| Source data |

"""

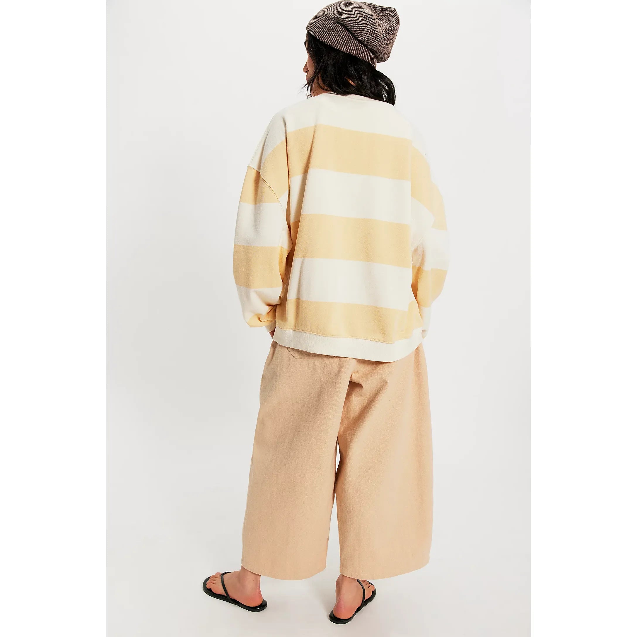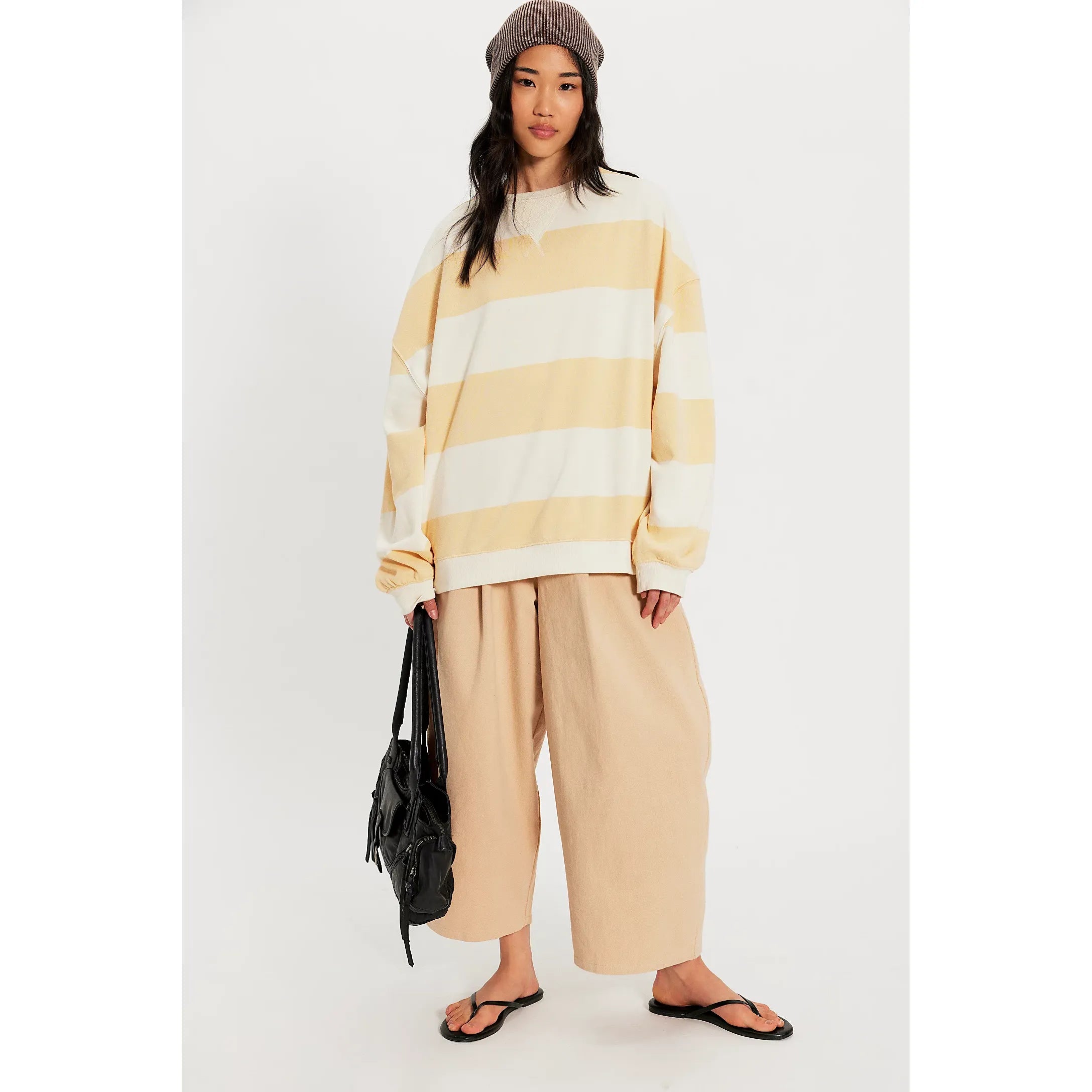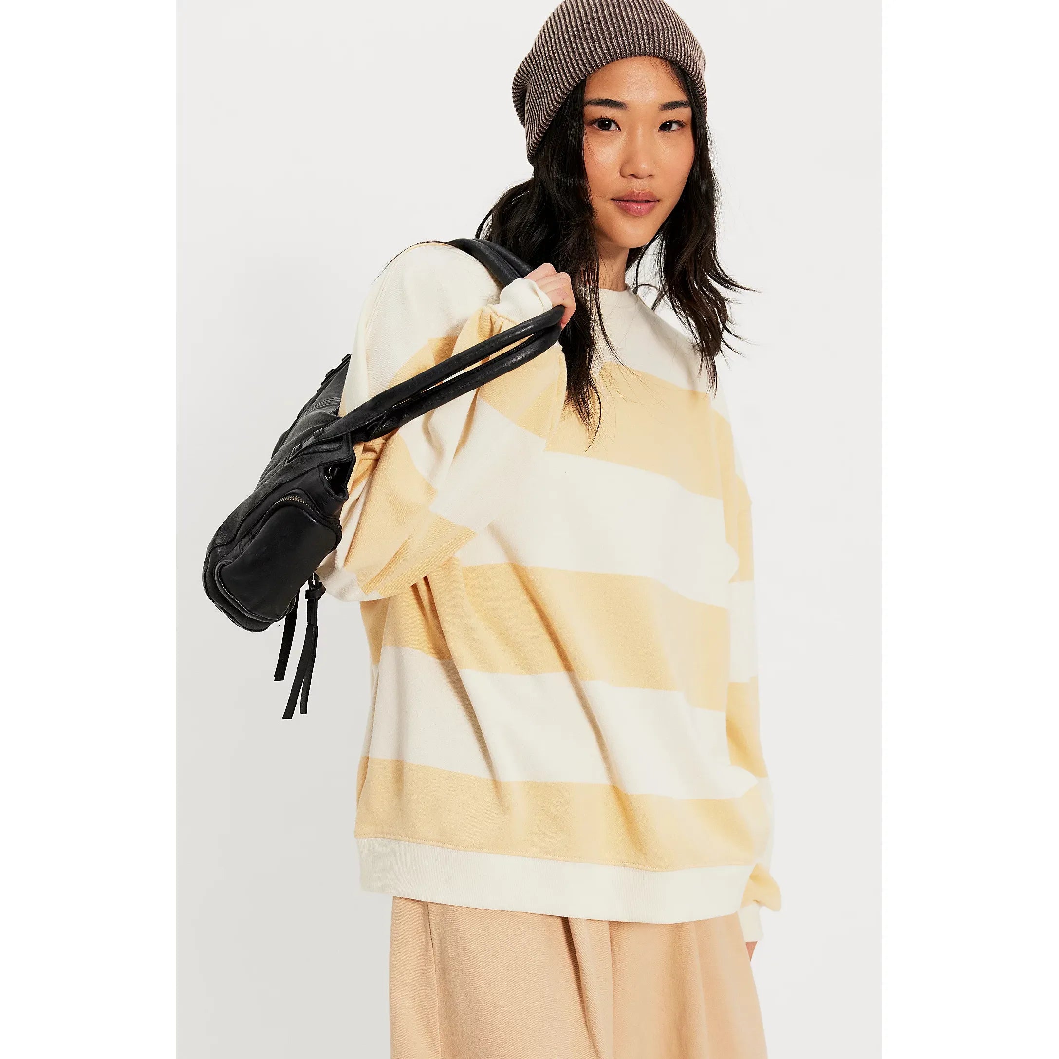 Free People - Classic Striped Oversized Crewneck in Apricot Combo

"""
"""

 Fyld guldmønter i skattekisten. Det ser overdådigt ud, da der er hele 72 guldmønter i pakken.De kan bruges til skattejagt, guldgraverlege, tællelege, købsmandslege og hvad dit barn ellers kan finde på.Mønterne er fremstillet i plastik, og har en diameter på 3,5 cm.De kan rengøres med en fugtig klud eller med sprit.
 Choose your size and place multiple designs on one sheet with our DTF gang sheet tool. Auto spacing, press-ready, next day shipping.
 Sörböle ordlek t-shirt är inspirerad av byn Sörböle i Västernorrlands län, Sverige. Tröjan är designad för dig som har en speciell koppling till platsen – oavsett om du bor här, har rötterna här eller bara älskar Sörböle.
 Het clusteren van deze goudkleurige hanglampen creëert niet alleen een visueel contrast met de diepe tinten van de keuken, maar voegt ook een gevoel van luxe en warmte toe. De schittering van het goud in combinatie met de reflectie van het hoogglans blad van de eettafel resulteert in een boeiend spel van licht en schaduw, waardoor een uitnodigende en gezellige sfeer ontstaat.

"""
"""

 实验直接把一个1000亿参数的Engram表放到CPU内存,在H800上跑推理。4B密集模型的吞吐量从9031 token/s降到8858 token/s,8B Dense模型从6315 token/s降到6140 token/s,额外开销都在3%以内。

"""

| Your objective |
Look back at the data above. Transcribe exactly the lines starting at the line that contains "Fyld guldmønter i" and ending at the line that contains "Het clusteren van".

| Task response |
 Fyld guldmønter i skattekisten. Det ser overdådigt ud, da der er hele 72 guldmønter i pakken.De kan bruges til skattejagt, guldgraverlege, tællelege, købsmandslege og hvad dit barn ellers kan finde på.Mønterne er fremstillet i plastik, og har en diameter på 3,5 cm.De kan rengøres med en fugtig klud eller med sprit.
 Choose your size and place multiple designs on one sheet with our DTF gang sheet tool. Auto spacing, press-ready, next day shipping.
 Sörböle ordlek t-shirt är inspirerad av byn Sörböle i Västernorrlands län, Sverige. Tröjan är designad för dig som har en speciell koppling till platsen – oavsett om du bor här, har rötterna här eller bara älskar Sörböle.
 Het clusteren van deze goudkleurige hanglampen creëert niet alleen een visueel contrast met de diepe tinten van de keuken, maar voegt ook een gevoel van luxe en warmte toe. De schittering van het goud in combinatie met de reflectie van het hoogglans blad van de eettafel resulteert in een boeiend spel van licht en schaduw, waardoor een uitnodigende en gezellige sfeer ontstaat.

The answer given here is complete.